## [ABOUT THIS EXERCISE]
Could you print the stretch of lines below from the one with "Артикул: CLE LP14-1138/3" through the one with "川青鉄道は、中國高速鉄道ネッ", exactly as they stand and without any pictures?

## [MATERIAL SUPPLIED]
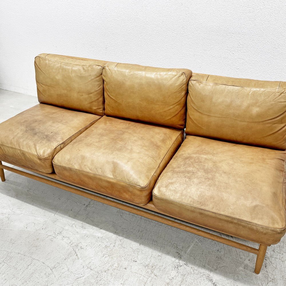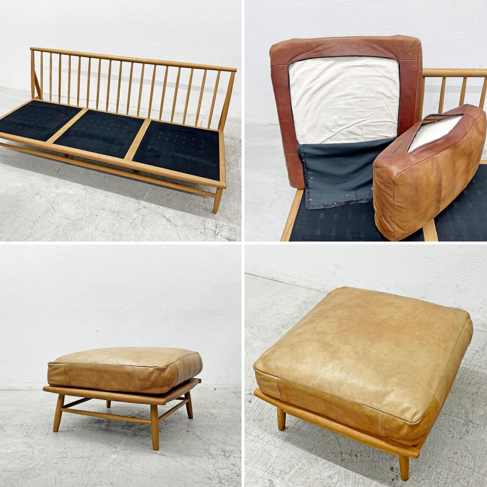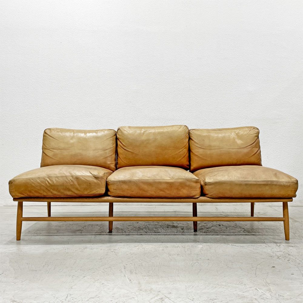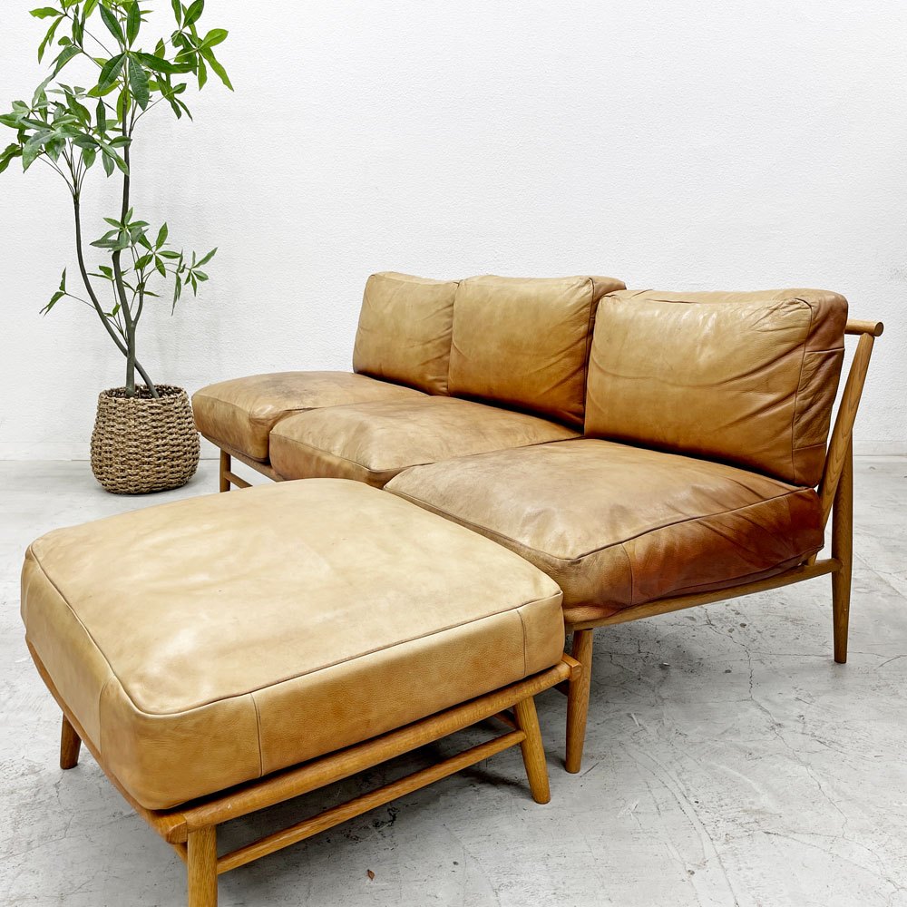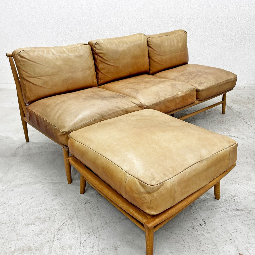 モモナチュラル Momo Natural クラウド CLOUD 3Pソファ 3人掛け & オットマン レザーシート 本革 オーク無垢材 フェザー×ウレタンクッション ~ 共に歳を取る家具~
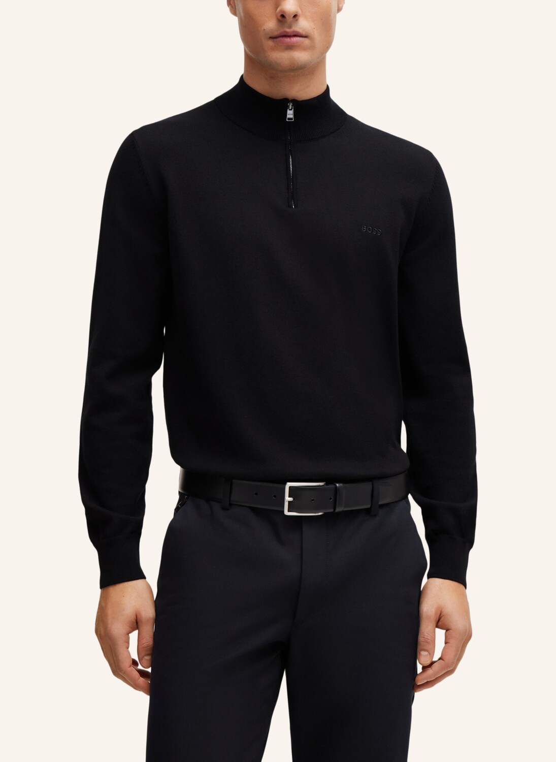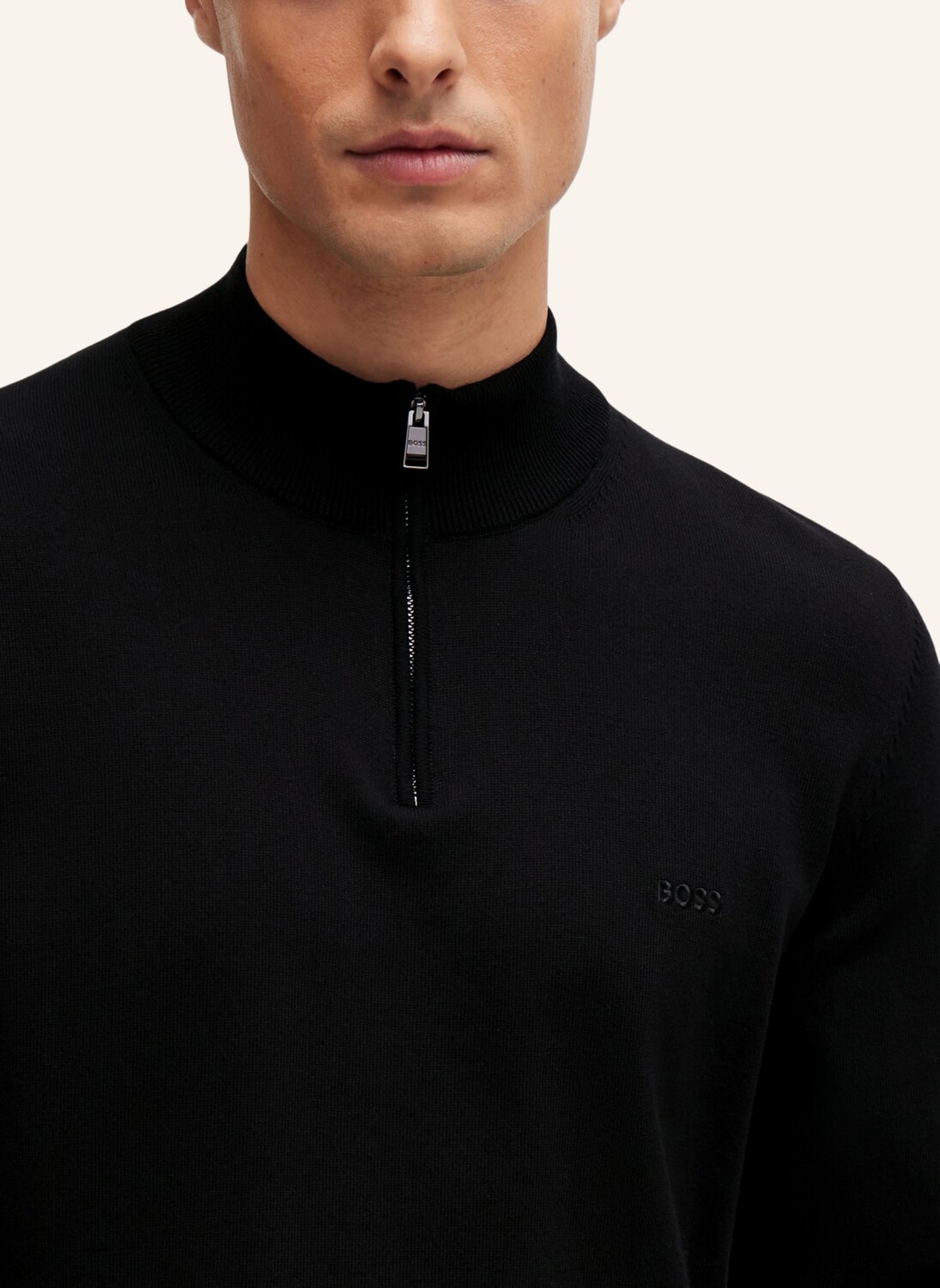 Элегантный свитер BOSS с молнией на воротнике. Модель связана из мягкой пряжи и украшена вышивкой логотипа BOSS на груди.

...

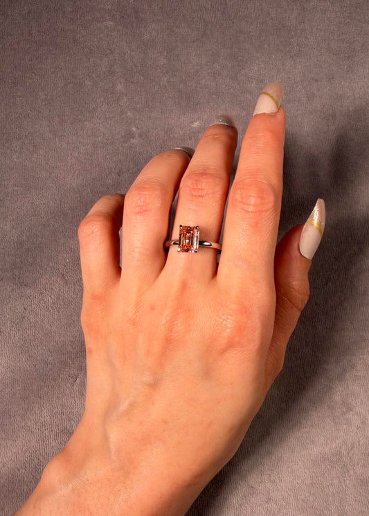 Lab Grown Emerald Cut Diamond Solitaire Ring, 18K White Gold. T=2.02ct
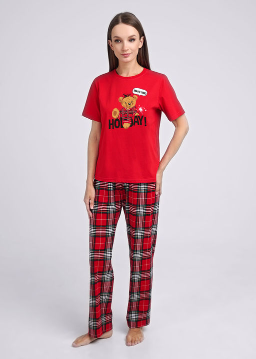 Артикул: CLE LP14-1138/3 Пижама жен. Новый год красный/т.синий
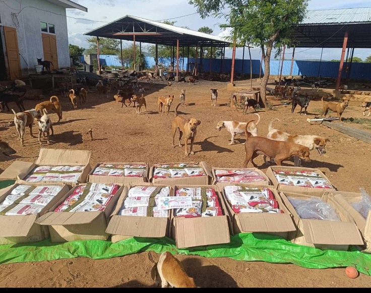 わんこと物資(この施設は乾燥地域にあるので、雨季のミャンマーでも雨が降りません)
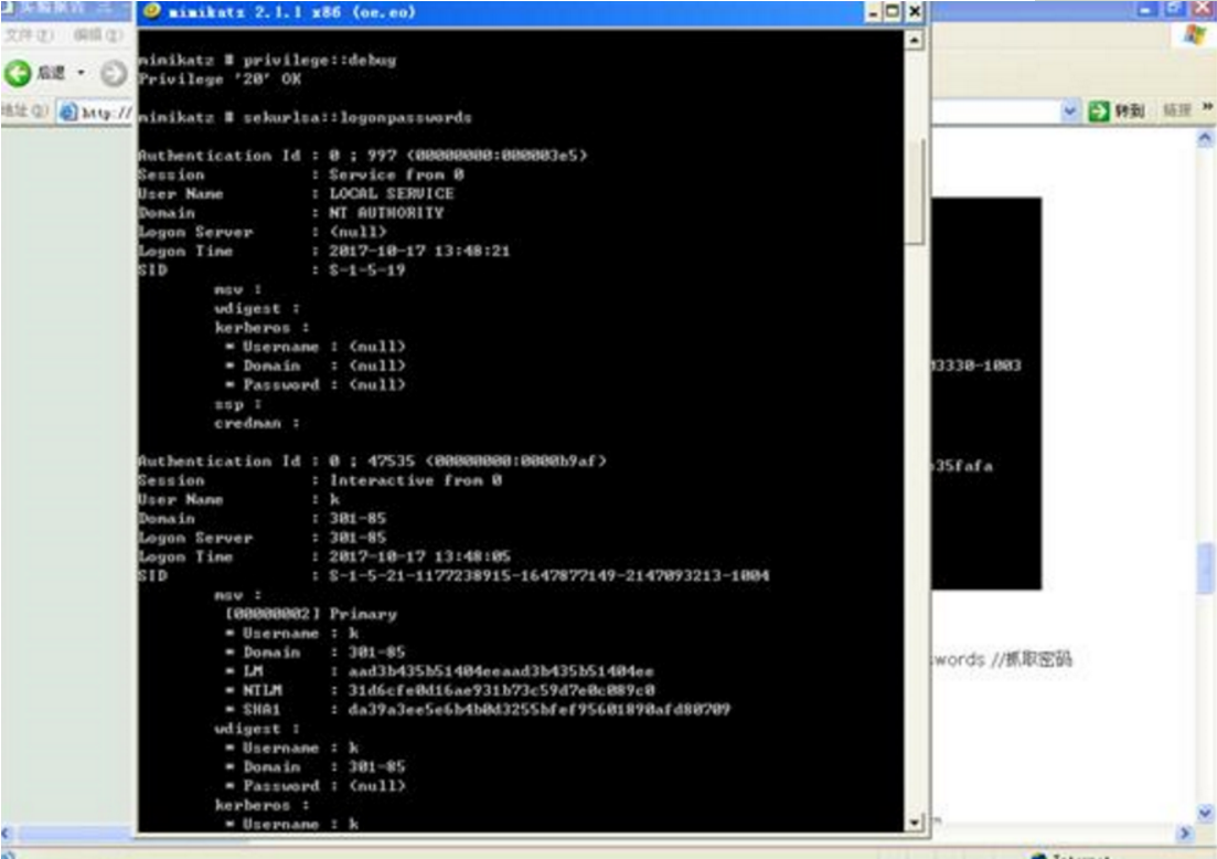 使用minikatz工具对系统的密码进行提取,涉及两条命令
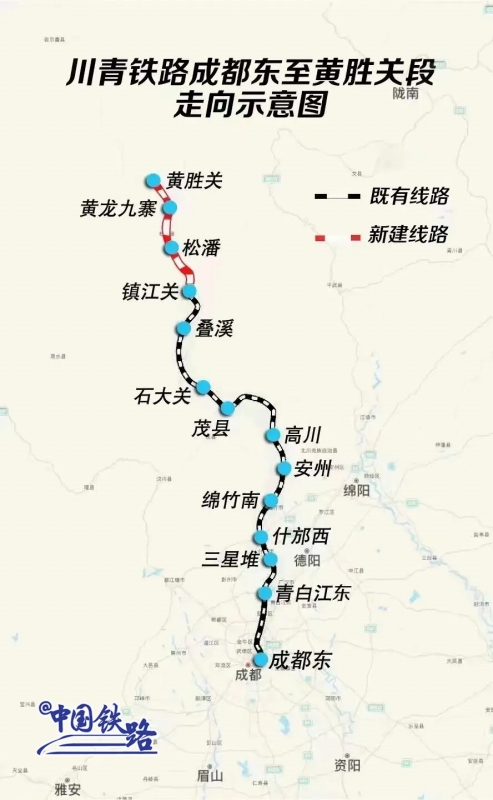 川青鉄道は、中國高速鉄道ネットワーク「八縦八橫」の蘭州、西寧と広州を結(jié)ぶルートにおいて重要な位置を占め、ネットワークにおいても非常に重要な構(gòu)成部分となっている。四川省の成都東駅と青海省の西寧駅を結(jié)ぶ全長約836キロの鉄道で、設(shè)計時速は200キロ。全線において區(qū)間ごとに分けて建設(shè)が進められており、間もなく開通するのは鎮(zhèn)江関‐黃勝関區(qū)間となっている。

---

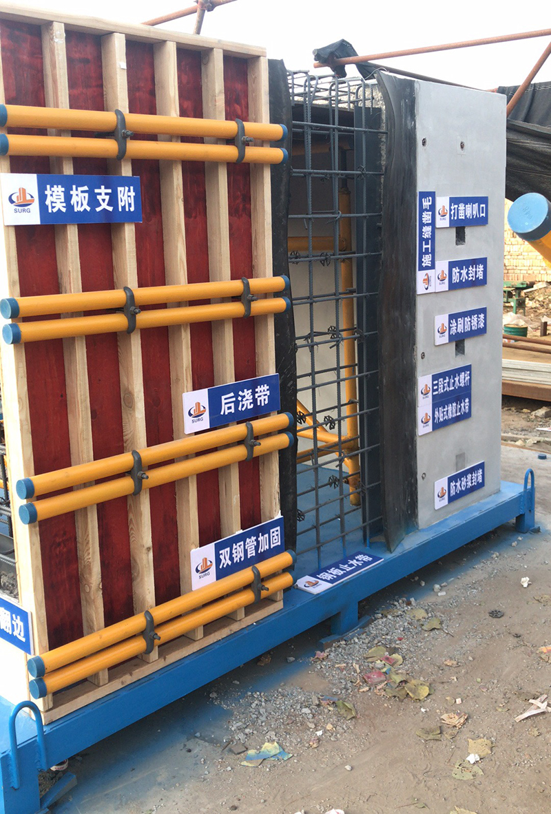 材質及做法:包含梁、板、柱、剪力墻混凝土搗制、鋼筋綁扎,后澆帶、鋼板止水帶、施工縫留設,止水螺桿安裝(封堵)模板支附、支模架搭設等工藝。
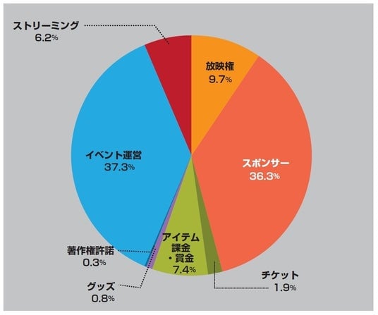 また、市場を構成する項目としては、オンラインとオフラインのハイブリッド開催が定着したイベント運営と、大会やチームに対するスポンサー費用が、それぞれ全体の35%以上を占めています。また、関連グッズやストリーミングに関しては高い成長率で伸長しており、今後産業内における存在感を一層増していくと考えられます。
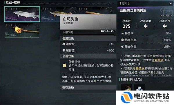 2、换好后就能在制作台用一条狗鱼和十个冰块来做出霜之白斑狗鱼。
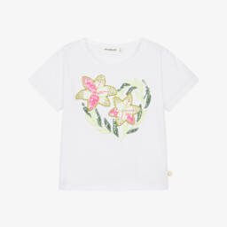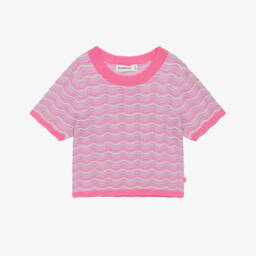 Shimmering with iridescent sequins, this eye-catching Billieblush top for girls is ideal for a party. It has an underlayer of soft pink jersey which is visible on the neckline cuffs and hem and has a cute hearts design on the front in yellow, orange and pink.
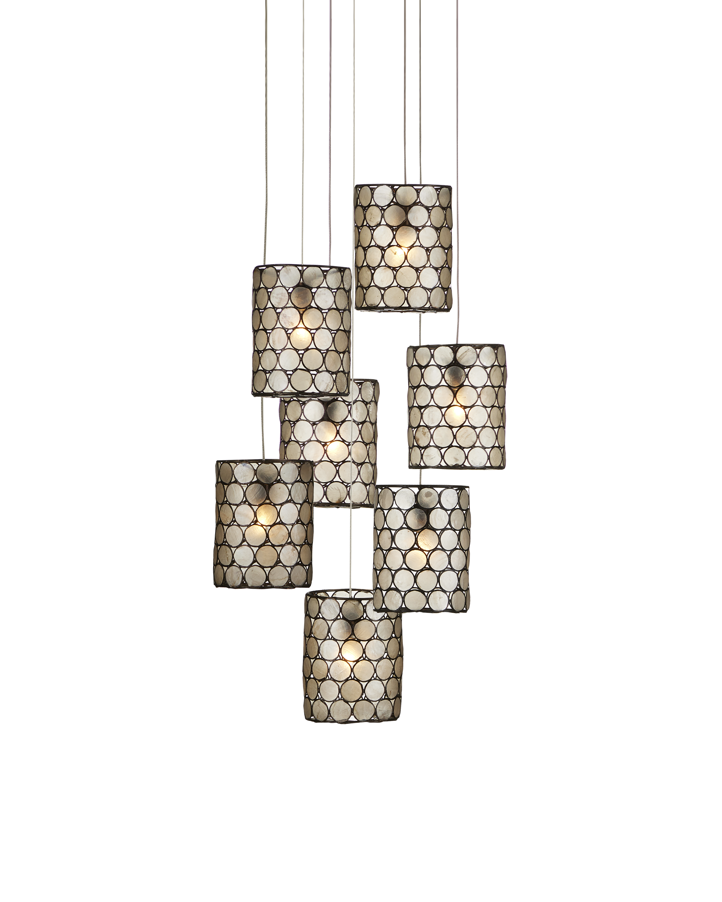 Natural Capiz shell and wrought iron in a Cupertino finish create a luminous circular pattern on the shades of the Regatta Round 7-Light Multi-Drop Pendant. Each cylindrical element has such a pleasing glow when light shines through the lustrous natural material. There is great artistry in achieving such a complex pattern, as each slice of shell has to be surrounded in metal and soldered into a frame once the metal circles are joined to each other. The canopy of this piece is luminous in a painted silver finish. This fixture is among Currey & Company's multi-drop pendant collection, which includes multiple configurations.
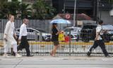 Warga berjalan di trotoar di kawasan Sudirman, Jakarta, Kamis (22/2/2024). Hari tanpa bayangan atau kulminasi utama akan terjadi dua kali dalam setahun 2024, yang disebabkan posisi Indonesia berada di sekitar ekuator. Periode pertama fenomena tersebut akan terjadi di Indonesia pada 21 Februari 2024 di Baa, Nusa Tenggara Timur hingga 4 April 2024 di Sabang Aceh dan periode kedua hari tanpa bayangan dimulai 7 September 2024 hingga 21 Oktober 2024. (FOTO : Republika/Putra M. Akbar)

## [OUTPUT OF THE EXERCISE]
 Артикул: CLE LP14-1138/3 Пижама жен. Новый год красный/т.синий
 わんこと物資(この施設は乾燥地域にあるので、雨季のミャンマーでも雨が降りません)
 使用minikatz工具对系统的密码进行提取,涉及两条命令
 川青鉄道は、中國高速鉄道ネットワーク「八縦八橫」の蘭州、西寧と広州を結(jié)ぶルートにおいて重要な位置を占め、ネットワークにおいても非常に重要な構(gòu)成部分となっている。四川省の成都東駅と青海省の西寧駅を結(jié)ぶ全長約836キロの鉄道で、設(shè)計時速は200キロ。全線において區(qū)間ごとに分けて建設(shè)が進められており、間もなく開通するのは鎮(zhèn)江関‐黃勝関區(qū)間となっている。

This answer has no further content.